ロッカールームで天城に詰め寄られた翌日から、御影はアンダーシャツを厚地のものに変えた。夏はこれから本格的になるが、暑いだなんだと言ってられるか。それよりも貞操とおのれのプライドのほうがずっと大事だ。
コットンのアンダーシャツだけではこころもとないから、乳首に絆創膏でも貼ろうか。いや、さすがにそれはやりすぎな気がする。
しかし、また天城に踏み込まれたら――今度こそ暴力的な欲情に呑み込まれてしまいそうだから、御影は家にあった普通のサイズの絆創膏を左右の乳首にぺたりと貼った。こうしていれば標準サイズの、ただの突起でしかないのに。どうしてこんなものが、ちょっと弄り回されただけでびりびりと甘やかに痺れるのか。自分でも不思議でしょうがない。
洗面台の前で自分の胸をまじまじと見下ろす。アンダーシャツを鎖骨までまくり上げ、臍まで晒す格好はなかなか間抜けだ。
横長の絆創膏を左右の乳首に一枚ずつ丁寧に貼ってアンダーシャツを引き下ろすと、前よりももっと平らに見えて満足した。これなら、万が一のことがあってもなんとか窮地をしのげるのではないか。

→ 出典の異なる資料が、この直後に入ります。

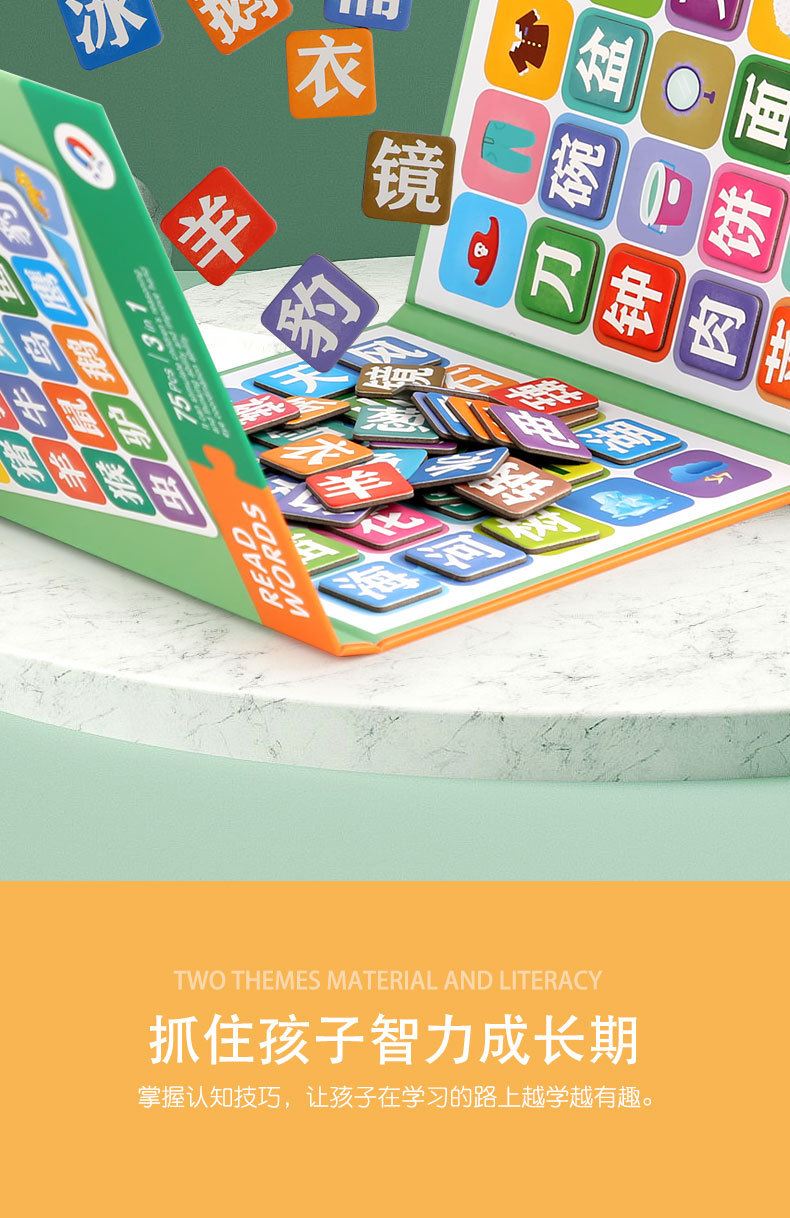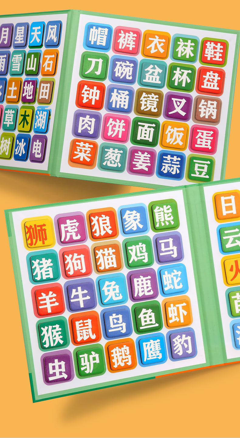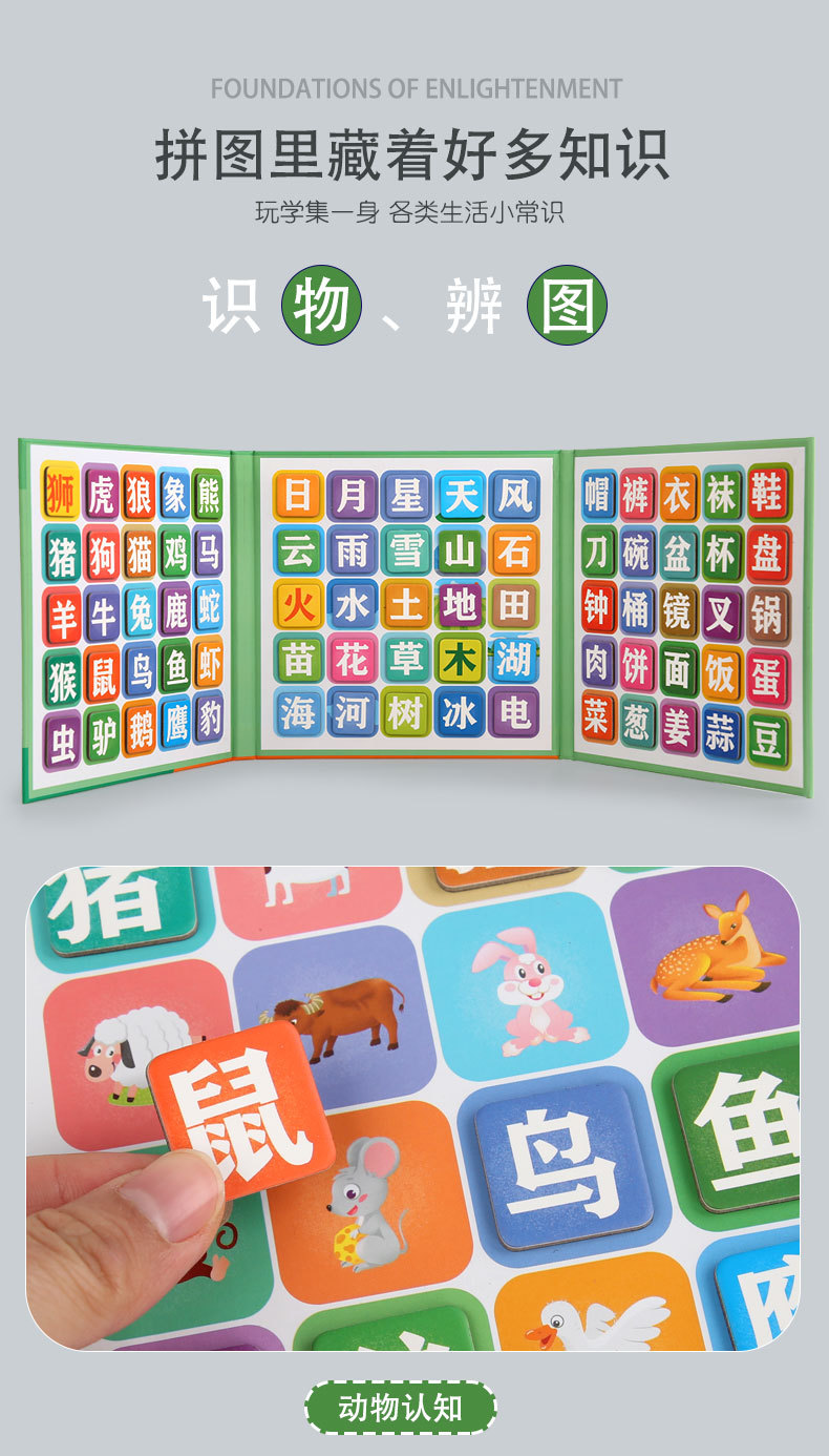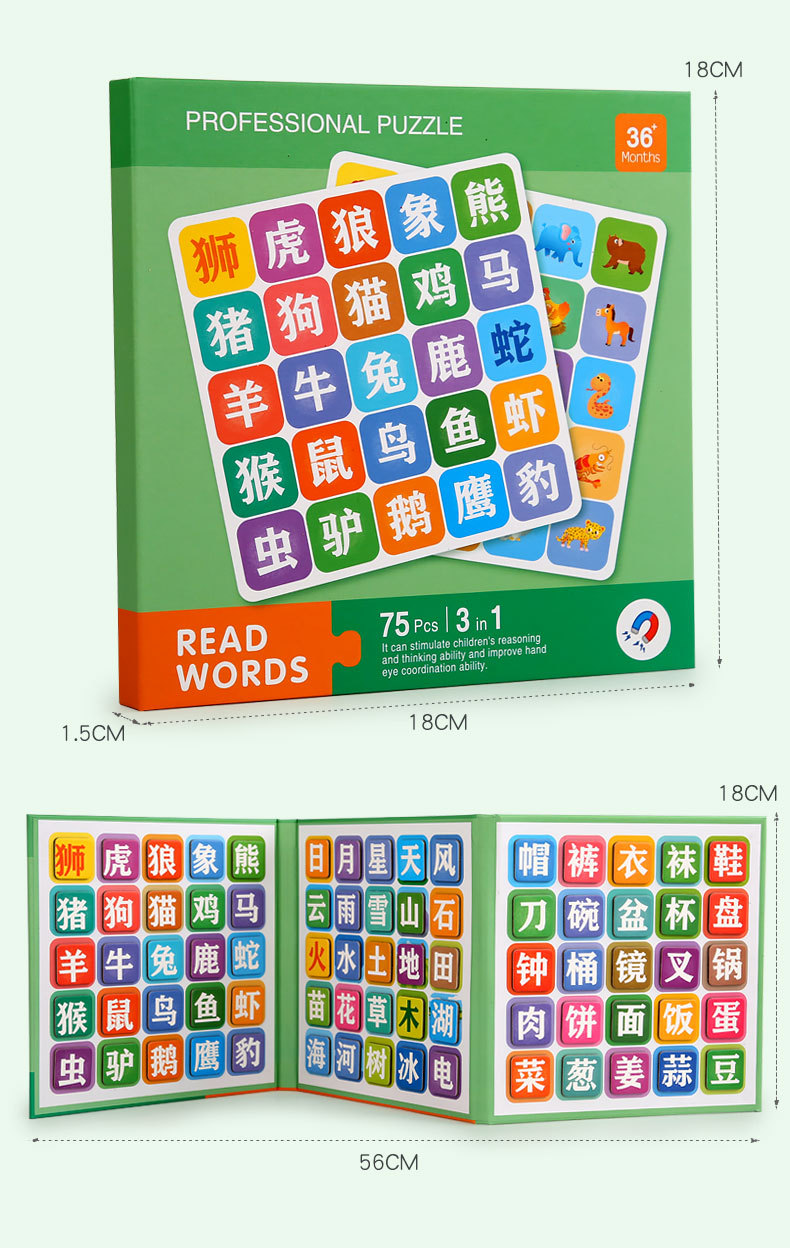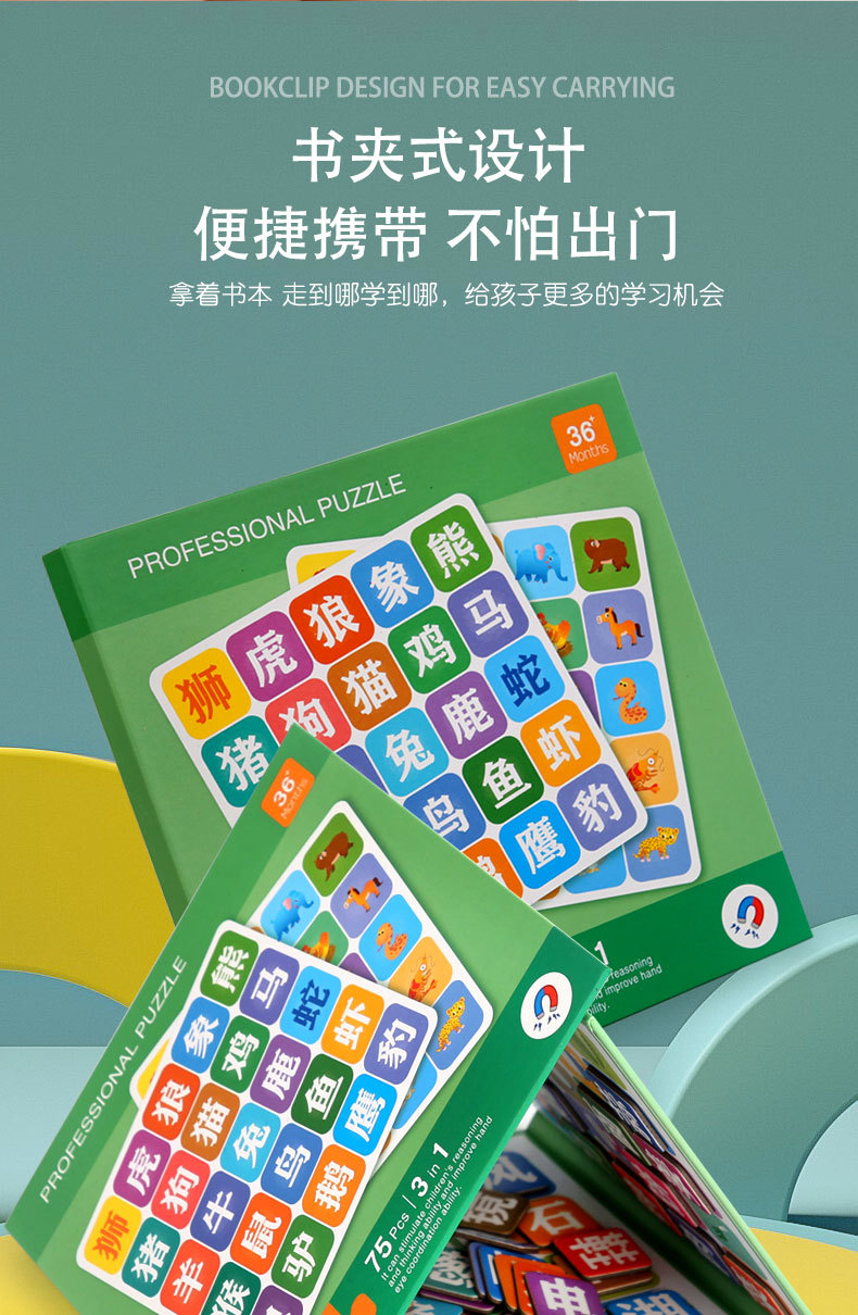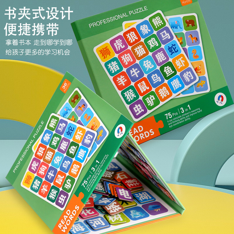 儿童磁力识字认物拼图书3到6岁宝宝幼儿园汉字认字板磁性益智玩具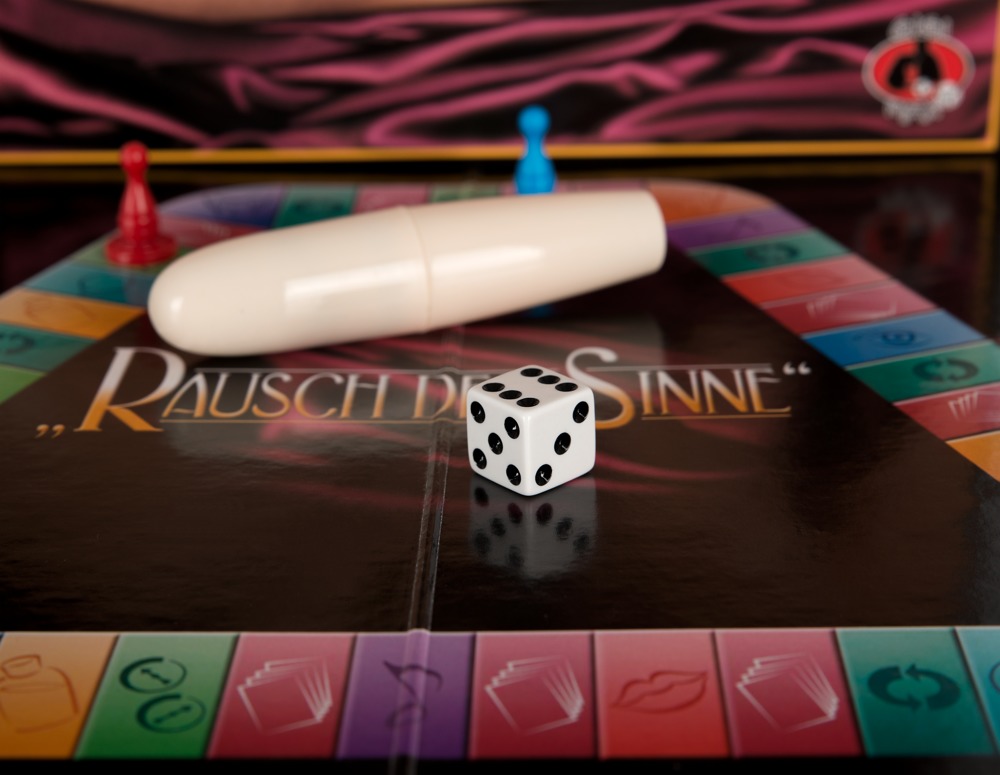 Inhalt: Spielanleitung, Spielbrett mit 2 Drehrädchen, 2 Spiel-Figuren, 1 Würfel, Erotik-Massage-Öl, Power-Vibrator (inkl. Batterien), 30 Karten, 30 Coupons, Sanduhr, Schreibblock mit 2 Bleistiften, Augenmaske.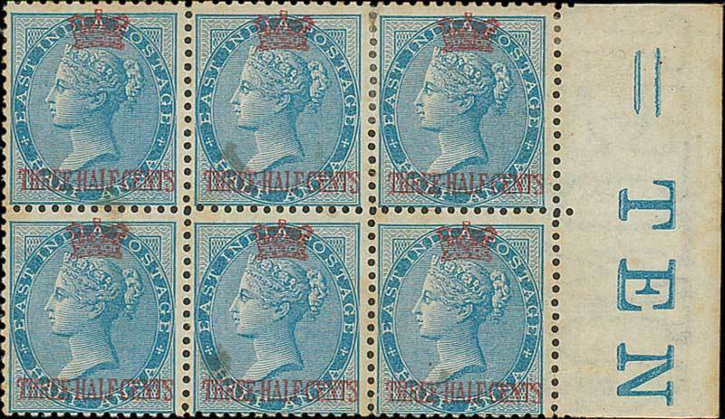1½c. on ½a. blue, a block of six (3x2) with margin at right, unused with part original gum; some hinge remainders, three with small grease spots and one with crease. A scarce multiple. S.G. 1, £720+. Photo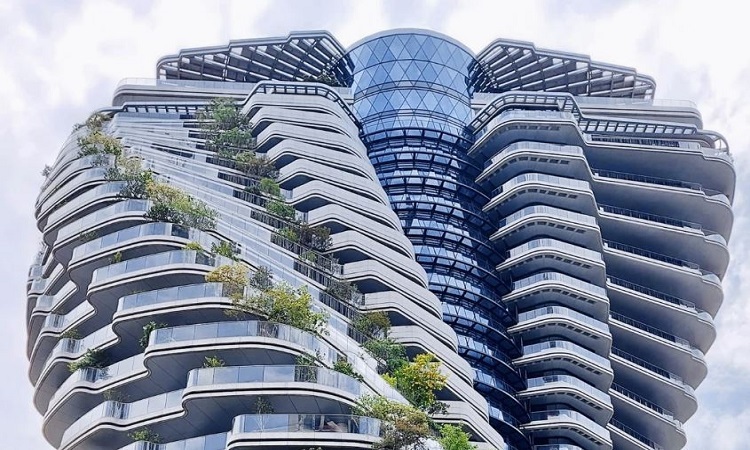 The Island Chuan Vien Heights cao 93,2 m, gồm 21 tầng nổi và 4 tầng ngầm. Thiết kế xoắn lạ mắt của nó được lấy cảm hứng từ cấu trúc chuỗi xoắn kép DNA. Mỗi tầng của tòa nhà được xoay 4,5 độ. Góc quay từ dưới lên trên là 90 độ.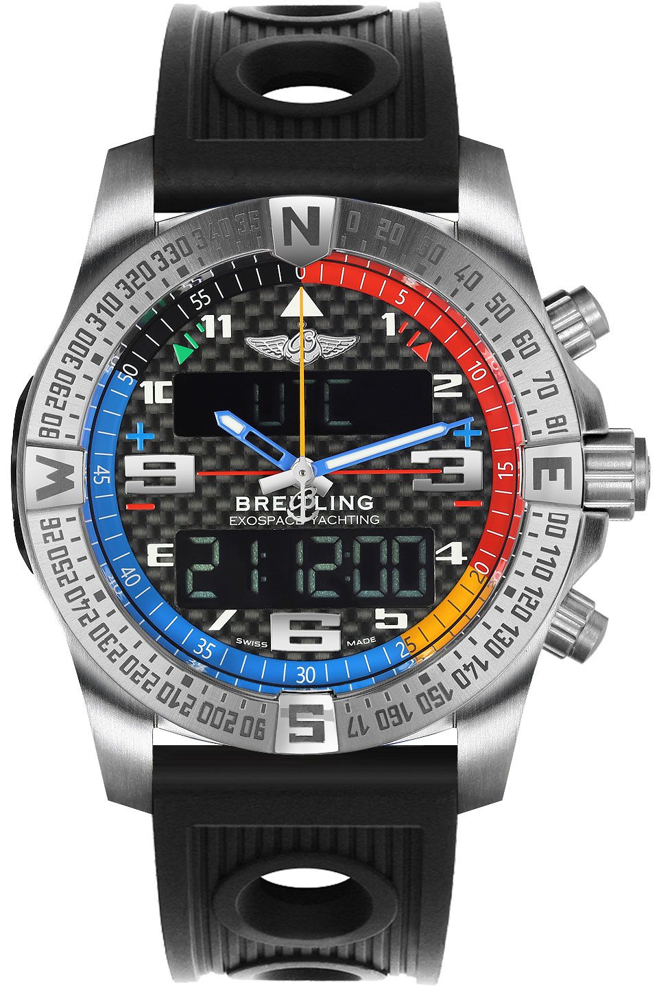 Breitling Exospace B55 Yachting EB551222/BG45/201S/E20D.2 men’s watch. Features a brushed titanium case with bidirectional rotating rider-tab bezel and a black Ocean Racer rubber strap. The Carbon dial has an analog display and an electronic 12/24hr LCD digital display with multiple functions. The hour hand, minute hand and hour markers are luminescent. Powered by the Breitling Caliber B55 SuperQuartz thermocompensated quartz electronic chronometer certified movement. A charging kit is included to recharge the battery. A scratch resistant sapphire crystal which is glareproofed on both sides protects the dial. The case is round, 46mm in diameter, weighs 80g and is 15.25mm thick. The crown is non screw-locked, has 2 gaskets and an integrated push button. The case back is screwed in. Inlet width: 24 mm. Titanium deployment buckle. Water-Resistant to 100 meters / 330 feet. Functions: hours, minutes, seconds, date, chronograph, electronic tachymeter, a “countdown/countup” system, a “chrono flight” and “chrono regatta” device for recording flight and regatta times respectively while memorizing departure and arrival times, backlighting (white light), UTC worldtime, 7 daily alarm feature, smartphone pairing capability, bluetooth technology and battery state-of-charge indicator. Sport watch style. Swiss made.

たとえば、乳首がふっくらと盛り上がってしまっても、ミルクがちょっとぐらい滲んでも、絆創膏が隠してくれるはずだ。
天城の目からも。
いままで意識していなかった部位がある日を境に、とつぜん気になってしまうなんて。意識しても勃つわけがない乳首に「勃ってみろ」と言ったところで、そうなるわけがない。絶対に。自分で弄ったって、ただの丸っこいちいさな粒だ。
なのに、天城の長い指で捏ねられ、あの熱っぽい視線で射竦められると、身体の真ん中に焔が生まれて、勝手に乳首がふくらみ、不埒な年下の男に『もっと触ってくれ』『もっとねじってくれ』とでも言いたげに、ほのかに先端を赤く染めてしまうのがなんとも腹立たしい。
自分の身体なのだから、反応するなと命じたら従ってほしいのだが。
――なんて、バカか私は。胸に呼びかけてどうするんだ。
ため息をついてネクタイをきつく締め、出社した。
東京の湾岸地域に、御影が勤める製薬会社がある。誰もがその名を知る大手企業だ。御影は入社以来、オメガのヒートをコントロールする抑制剤の研究と開発にあたってきた。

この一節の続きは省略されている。